81 to receive Doctor of Nursing Practice degrees in UTHSC ceremony
UTHSC College of Nursing offers eight DNP concentrations: Nurse-Midwifery; Nurse-Anesthesia; Family Nurse Practitioner; Psychiatric Mental Health Nurse Practitioner; Pediatric Acute Care; Pediatric Primary Care; NeoNatal Nurse Practitioner; and Adult-Gerontology Acute Care. (Courtesy UTHSC)
Eighty-one graduates will earn their Doctor of Nursing Practice degrees from the University of Tennessee Health Science Center College of Nursing on Monday, May 9.
The commencement ceremony will take place Downtown at the Cannon Center for the Performing Arts.
UTHSC College of Nursing was the first nursing school in Tennessee to offer the DNP — the terminal degree for nursing practice. Nurses who earn the DNP work as nurse practitioners.
Nurse practitioners provide a full range of primary, acute and specialty health care services, and can diagnose and treat conditions, prescribe medications, order and interpret diagnostic tests, provide counseling, and manage patients’ overall care.
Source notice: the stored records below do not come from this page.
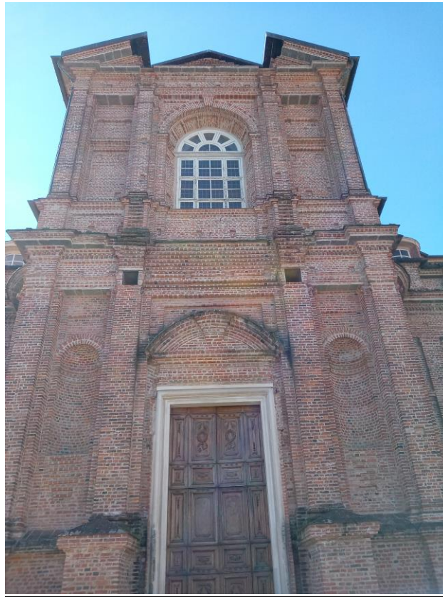
Chiesa di Sant'Uberto prospetto nord: finestrone sopra l'ingresso principale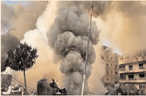
నష్టపరిచేందుకు అమెరికా, ఇజ్రాయెల్ సిద్ధం అయినట్లు కనిపిస్తోంది.

అయితే అమెరికాకు లొంగిపోయే ప్రసక్తి లేదని, ఢిల్లీ పోరాడతామని ఇరాన్ అధ్యక్షుడు షెజ్బెహయాన్ ప్రకటించారు. (ట్రంప్, నెతన్యాయ సమాధుల దాకా తమ పోరాటం కొనసాగుతుందన్నారు. ఆయన ప్రకటన తర్వాత డౌనాల్డ్ ట్రంప్ మాట్లాడుతూ.. ఇరాన్ తో ఒప్పందాలు, చర్చలు ఏమీ లేవని.. ఇరాన్ ను సర్వనాశనం చేస్తామని ప్రకటించారు. దీంతో యుద్ధం మరింత భయంకరంగా మారుతోంది. రెండు రోజులుగా యుద్ధం అత్యంత భయంకరంగా సాగుతోంది. అటు ఇరాన్ కూడా తన చుట్టూ ఉన్న గల్ఫ్ దేశాలపై ఇకపై దాడులు చేయబోమని ప్రకటించింది. కానీ ఆ దేశాల నుంచి అమెరికా ఇరాన్ మీద దాడులు చేస్తే మాత్రం.. ప్రతిదాడులు తప్పవని హెచ్చరించింది. ఇప్పటికే ఈ యుద్ధంలోకి చాలా దేశాల ప్రత్యక్షంగా దిగేందుకు సిద్ధమవుతున్నట్లు తెలుస్తోంది. మరెవైపు ఇరాన్ చమురు ఎగుమతులు పూర్తిగా ఆగిపోయాయి. గల్ఫ్ దేశాల నుంచి ఎలాంటి చమురు ఎగుమతులు ఉండట్లేదు. ఇదే అదనుగా అమెరికా, ఇజ్రాయెల్ తీవ్రంగా దాడులు చేస్తున్నాయి. ఇజ్రాయెల్ మీద ఇరాన్ దాడులు కూడా భీకరంగా సాగుతున్నాయి. ఇలా ఇరు దేశాలు ఒకరిపై ఒకరు అత్యంత భయంకరంగా దాడులు చేసుకుంటున్నాయి. ఇరాన్ తగ్గకపోవడంతో యుద్ధం తీవ్రత మరింత పెరుగుతోంది. అమెరికా, ఇజ్రాయెల్ సైనిక శక్తిని మూకుమ్మడిగా ఎదుర్కునే సామర్థ్యం ఇరాన్ కు లేకపోయినా.. వెనక్కు తగ్గట్లేదు. భీకరంగా ప్రతి దాడులు చేస్తూనే ఉంది. ఈ యుద్ధంలోకి రష్యా, చైనాలను లాగాలని అగ్రరాజ్యం చూస్తోంది. ఆ దేశాలు వచ్చినా రాకపోయినా.. ఇరాన్ ను మరింతగా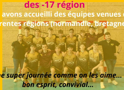
Une super journée comme on les aime... bon esprit, convivial...

Nous avons accueilli des équipes venues de différentes régions (normandie, bretagne).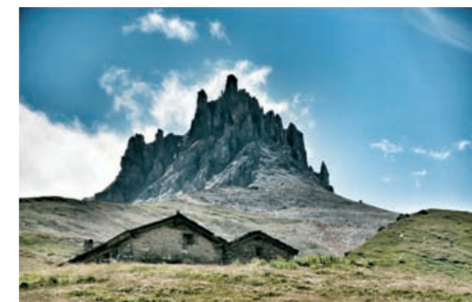
Imaginez un château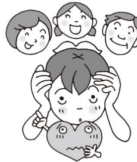
まわりの人に相談しよう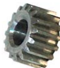
行星小齿轮用的直齿圆柱齿轮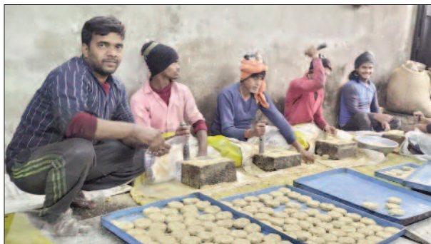
तिलकुट बनाते कारीगर

दी है। आगामी 15 जनवरी को मकर संक्रांति का त्योहार मनाया जायेगा। शहर के स्टेशन रोड, गोला रोड, चौक रोड, जंगल बाजार मंडी में तिलकुट की दुकानें सज गयी हैं। इस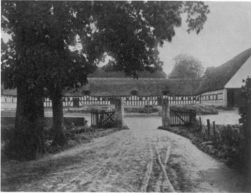
Fig. 3. Gelskov Ladegaard før 1912, set fra Opkørslen til Borggaarden

gen paa Gelskov, bad Tømreren først om Træ til Naglerne, hvorover Herremanden blev forskrækket og ikke turde lade ham bygge videre. Først da han ved et Mesterhug havde vist sin Duelighed, fik han Lov til at fortsætte Arbejdet. 66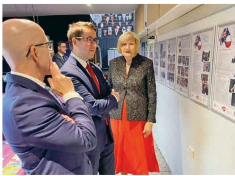
Fragment wystawy w Sydney.

Wystawa składa się z 17 planz przedstawiających zdobycie pierwszych medalu dla Polski w Paryżu (pr. rozr.) 23.10 Panorama 23.45 Dziennik regionów.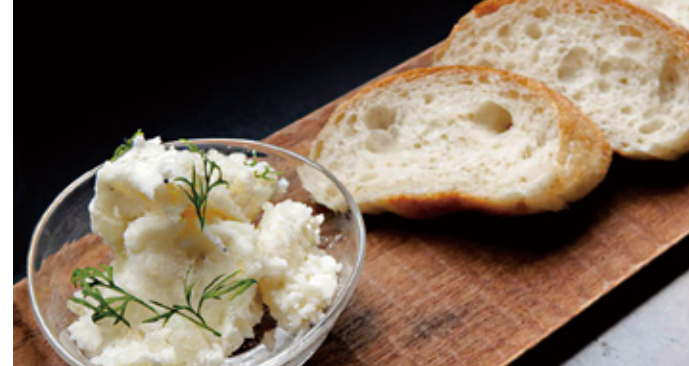
瀬戸内産しらすのポテトサラダ

(ari panさんのフォカッチャ付き) Setouchi whitebait potato salad with focaccia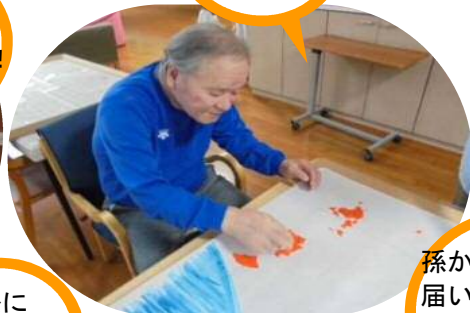
大作を つくってます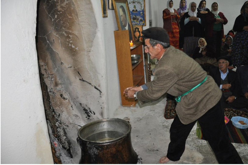
Fotoğraf 12: Ankara Çubuk Yukarı Emirler Köyü, Ocağa Dem Sunma (Gürgür Baba Dolusu)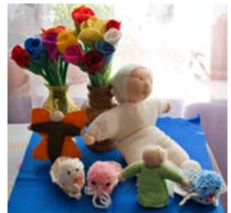
Eibenthal: šité hračky a další ozdoby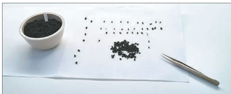
Этому зерну 800 лет, и оно не сгнило по счастливой случайности: находилось на глубине 70 см, кислород к нему не поступал.

By offering quality, cost-effective, patient-centered health care, nurse practitioners provide solutions to the nation’s primary care shortage.
UTHSC College of Nursing offers eight DNP concentrations: Nurse-Midwifery; Nurse-Anesthesia; Family Nurse Practitioner; Psychiatric Mental Health Nurse Practitioner; Pediatric Acute Care; Pediatric Primary Care; NeoNatal Nurse Practitioner; and Adult-Gerontology Acute Care.
There are also three dual DNP program offerings: Adult-Gerontology Acute Care/Family Nurse Practitioner, Pediatric Primary Care/Pediatric Acute Care, and Psychiatric Mental Health/Family Nurse Practitioner.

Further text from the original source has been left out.